One of the big Federal Energy Regulatory Commission (FERC) Enforcement litigation developments of the past two years has been the federal judiciary’s rejection of the agency’s “de novo review” position in electricity market manipulation cases. Briefly stated, FERC has argued that the Federal Power Act (FPA) should be interpreted to allow federal courts to adjudicate an enforcement action by reviewing FERC’s Order Assessing Penalties and underlying record, allowing supplementation of that record through additional discovery only as the court found necessary or useful. Courts, however, have held that there is no such FPA-mandated review action of that nature, but rather only a civil action that proceeds under the Federal Rules of Civil Procedure—including, most importantly, the civil discovery rules.1 

With the law now clear on the procedure governing FERC’s federal court enforcement actions, a key question for FERC court-watchers becomes what type of discovery defendants will be allowed to take of FERC. Just last week, a federal court in the long-running DALRP matter2  ruled that one type of discovery the defendants sought (which defendants in other enforcement cases have also sought) would not be allowed: discovery into FERC’s decisions both to investigate and to decline to pursue enforcement actions against other market participants who may have engaged in similar conduct as the defendants.

Defendants’ discovery argument and FERC’s rebuttal are more involved than this brief summary provides, but, in essence, defendants claim that their participation in the demand response program was a legitimate, non-manipulative effort to comply with unclear rules created through a flawed market design.

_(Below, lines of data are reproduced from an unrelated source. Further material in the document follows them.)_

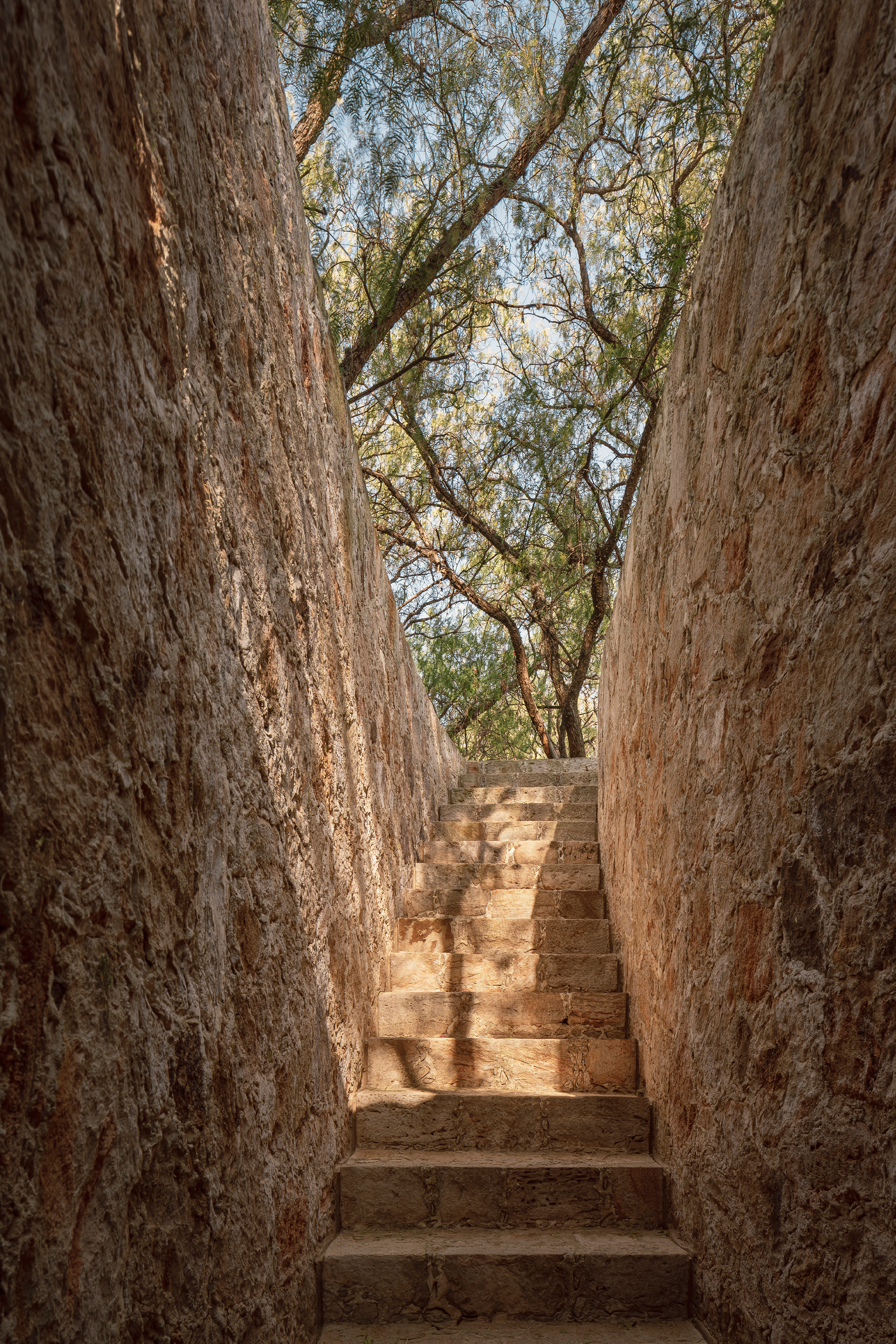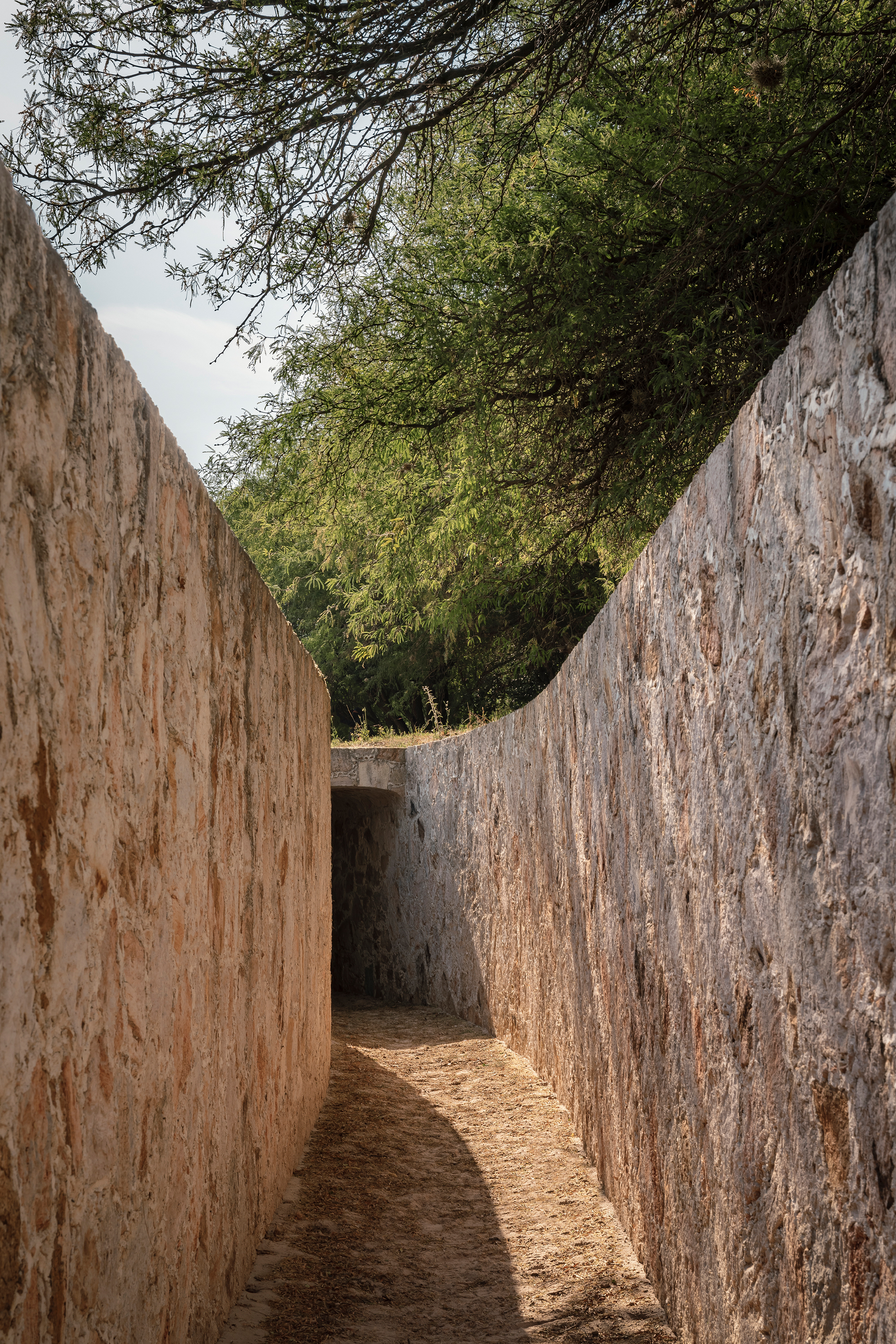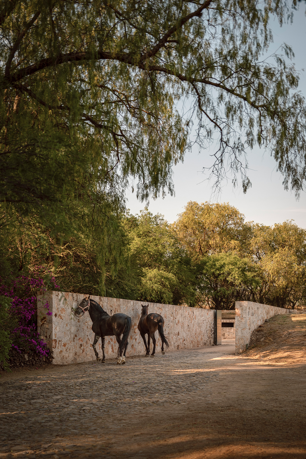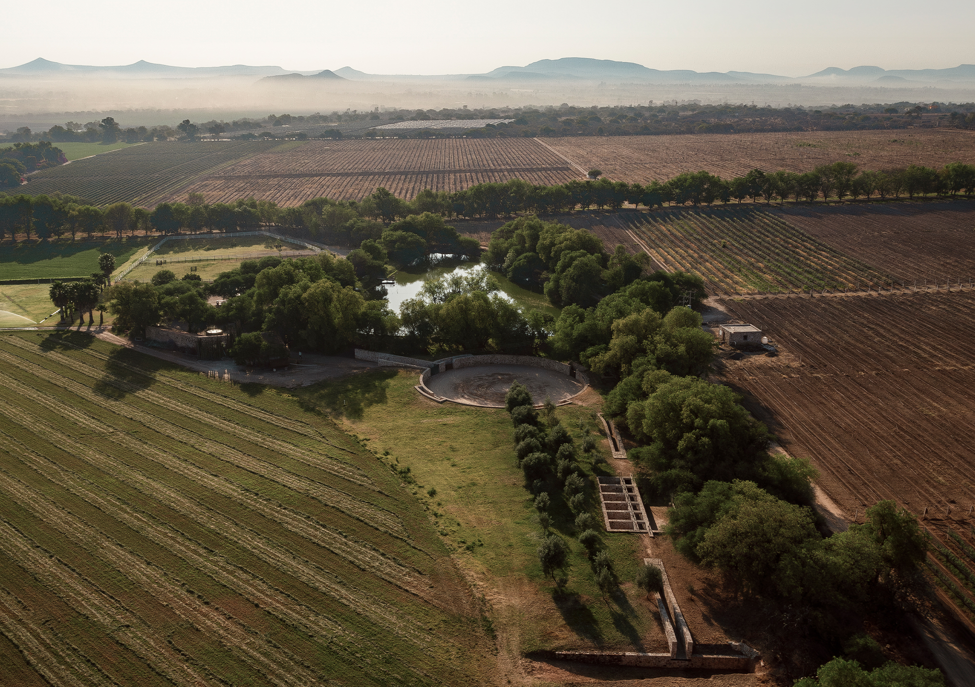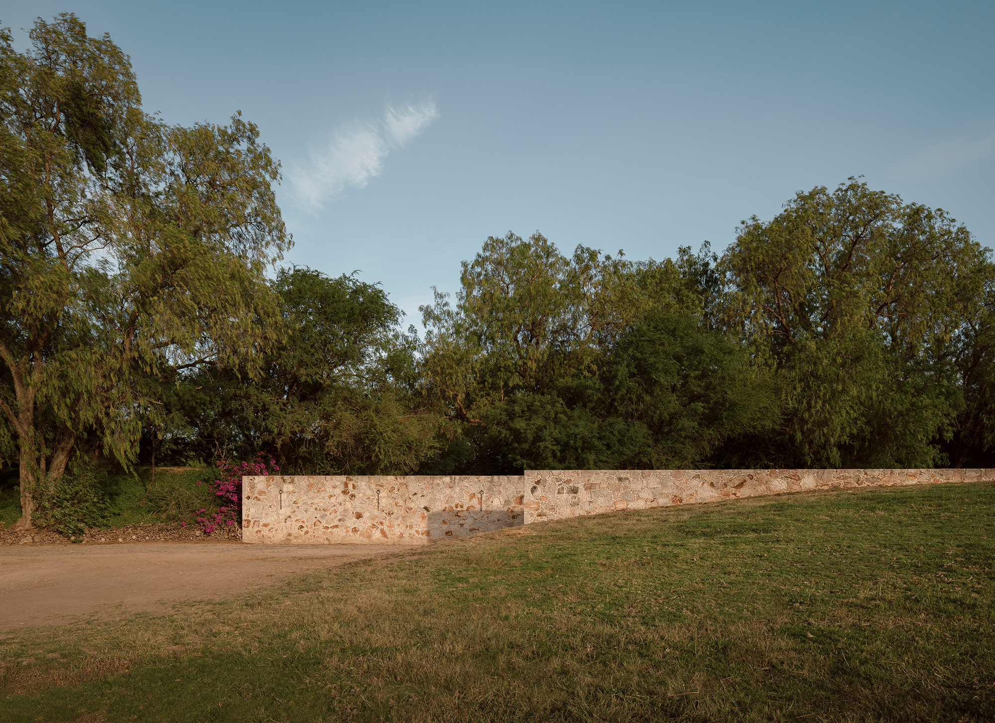 Access to the ring is via a staircase that descends following the curve of the arena. This path passes through a tunnel designed to protect two old mesquite trees and leads to a semi-sunken courtyard shaded by them, with a small fountain that provides freshness and a moment of pause. From there, one enters the breeders' box, where the tienta is directed. This space features a large window that frames the wall of the ring in the foreground and, in the background, the monumental silhouette of the Peña de Bernal. On one side, there is a discreet wine cellar, and on the other, access to the main burladero and the ring.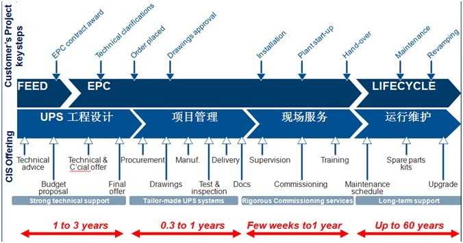 工業(yè)UPS按工業(yè)現(xiàn)場的多樣化需求和惡劣環(huán)境設(shè)計(jì)制造,在充分滿足客戶需求的過程中,體現(xiàn)了項(xiàng)目管理的運(yùn)用。所以在這里我們對工業(yè)UPS的理解應(yīng)不僅停留在產(chǎn)品層面,它實(shí)際上是在對客戶需求充分理解的基礎(chǔ)上,為客戶提供整體的電源保護(hù)解決方案(見圖4),并把此方案作為一個(gè)工程項(xiàng)目,與客戶充分合作一同進(jìn)行項(xiàng)目工程設(shè)計(jì)、項(xiàng)目管理、現(xiàn)場服務(wù)和運(yùn)行維護(hù)的動態(tài)過程(見圖5)。從一定意義上看,可以把工業(yè)UPS供應(yīng)商理解為一個(gè)工程公司。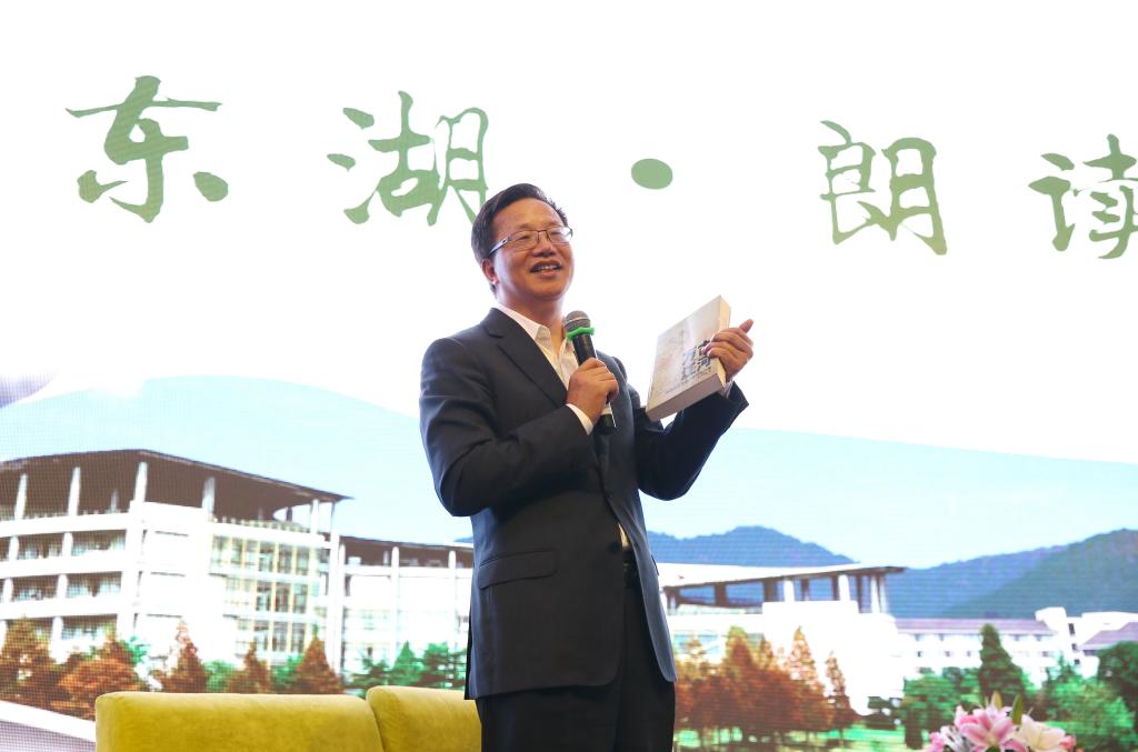 中国工程院院士、开云体育平台体验活动喻树迅教授及其夫人,茅盾文学奖获得者、文化学院院长王旭烽教授,杰出校友、信达生物制药(苏州)有限公司董事长俞德超博士应邀参加,与大家分享了自己读书、创新创业的故事。喻树迅和夫人向大家推荐了《钢铁是怎样炼成的》和《红岩》,并朗读毛泽东诗作《沁园春•雪》;王旭烽朗读自己的散文作品《等花落下来》,向大家推荐了《屠格涅夫散文诗集》和电影《阿甘正传》;俞德超朗读汪国真的作品《我喜欢出发》,并推荐书籍《万古江河》。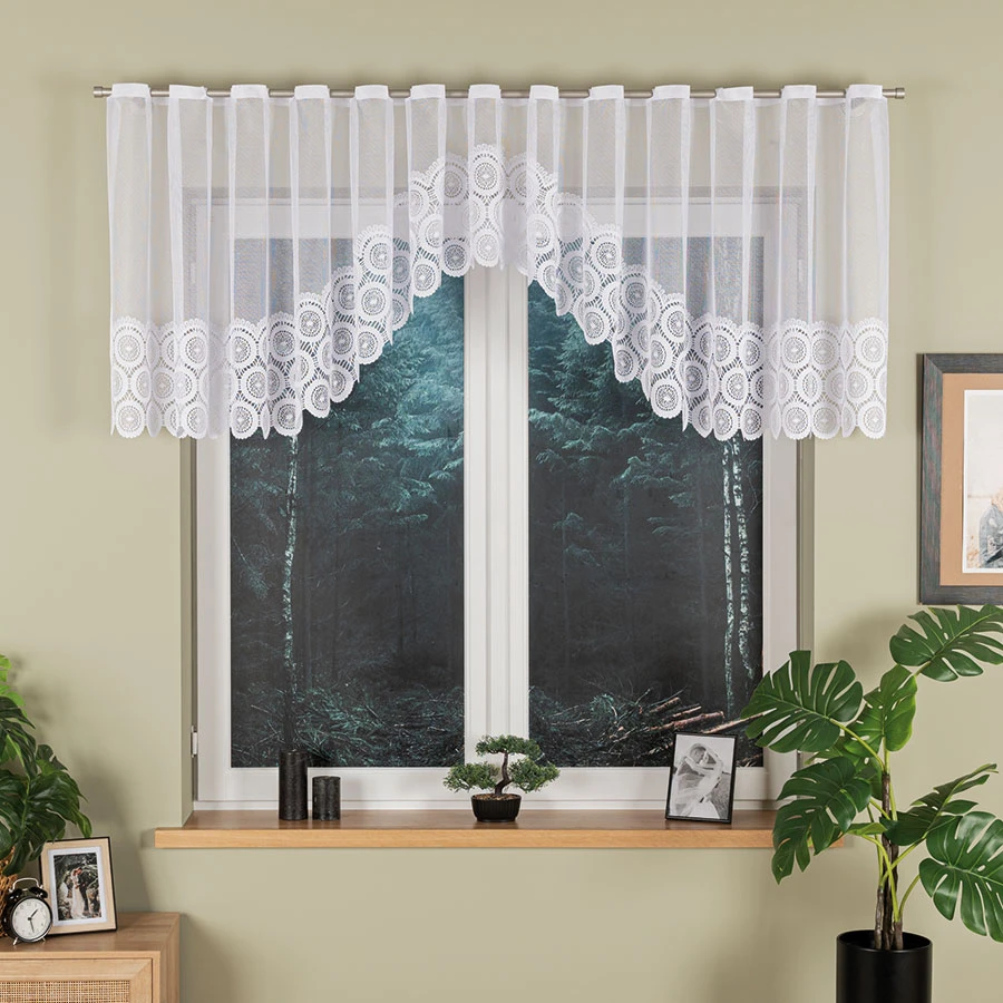 MALWINA w rozmiarze 410x80 cm to firanka gotowa, która doskonale łączy subtelną estetykę z funkcjonalnością. Zdobiona eleganckim, ażurowym pasem przy dolnej krawędzi i podcięciem w kształcie łuku, świetnie sprawdzi się w kuchni, jadalni czy salonie. Dzięki szlufkom umieszczonym w górnej części można ją wygodnie zawiesić bez żabek – wystarczy przeciągnąć karnisz przez otwory.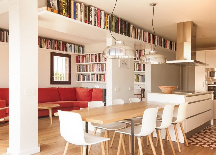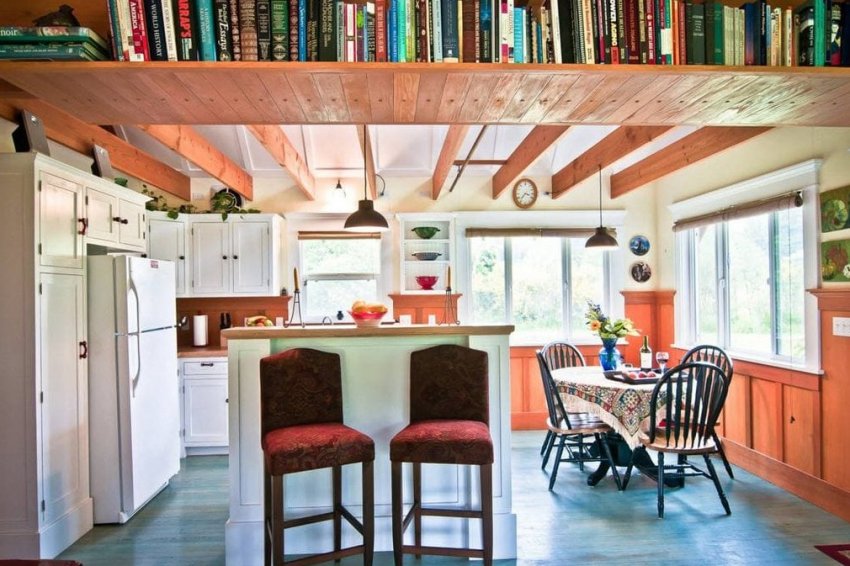 Если в квартире не хватает места для хранения, значит, задействовано не все свободное пространство. Организовать хранение вещей можно даже под потолком на вместительных полках. Эти полки не займут полезного пространства комнаты, но при этом вместят много разных вещей. На полках под потолком можно организовать домашнюю библиотеку, хранить там сезонные вещи, использовать эти полки для размещения запасов предметов быта и прочих мелочей.

They sought discovery to show that other market participants participated in the DALRP program in similar ways, reflecting an industry understanding that suggests the legitimacy of their own conduct, and that FERC acknowledged this legitimacy by declining to proceed against those participants. FERC disputed that there was such an industry understanding or similar industry conduct, or that flawed market rules justified defendants’ behavior. In any event, FERC argued that any prosecutorial discretion with respect to other market participants was not a valid subject of discovery under well-established case law from various enforcement contexts.

The magistrate judge agreed with FERC’s argument, and the district court affirmed. Specifically, the court found that defendants’ proposed discovery failed to meet the relevance and proportionality test of Federal Rule of Civil Procedure 26. Defendants, the court found, did not need information about other market participants’ behavior—or FERC’s assessment of that behavior—to present defenses about whether their own market conduct was fraudulent. The court further agreed with the magistrate judge that, even if such documents met the Rule 26 standard, many would be protected from disclosure by the attorney-client and deliberative process privileges, as well as the work product doctrine. The court concluded that, given the weakness of the Rule 26 showing, FERC should not have to undertake the burden of sifting through these likely privileged materials in order to search for marginally relevant documents that might be discoverable.

The court’s ruling was not unexpected given existing case law holding that the government’s decision not to prosecute another potential defendant is not generally relevant to assessing the case against the actual defendant. But it is significant as one of the earlier district court discovery rulings in these FPA enforcement cases, and underscores that the scope of discovery defendants can obtain from FERC may be more limited than desired and, in any event, is still very much an open question.

Footnotes

1 The latest ruling on that front was in the Powhatan matter. See FERC v. Powhatan Energy Fund, LLC, No. 3:15cv452, 2017 WL 6629093 (E.D. Va. Dec. 28, 2017).

2 The Day-Ahead Load Response Program (DALRP) was a demand response program run by ISO New England until June 2012. FERC found that several market participants committed fraud in connection with this program by intentionally claiming to be providing more demand response than they were (by altering their “baseline” energy consumption during a test period preceding the program’s start). Two subjects have already settled with FERC. See Lincoln Paper and Tissue, LLC, 155 FERC ¶ 61,228 (2016); Rumford Paper Co., 142 FERC ¶ 61,218 (2013). Two other subjects (Dr. Richard Silkman, an energy consultant, in his individual capacity, and his company, Competitive Energy Services) continue to litigate and are the defendants in the district court ruling discussed here. See FERC v. Silkman, No. 1:16-cv-00205-JAW, 2017 WL 6597510 (D. Me., Dec. 26, 2017).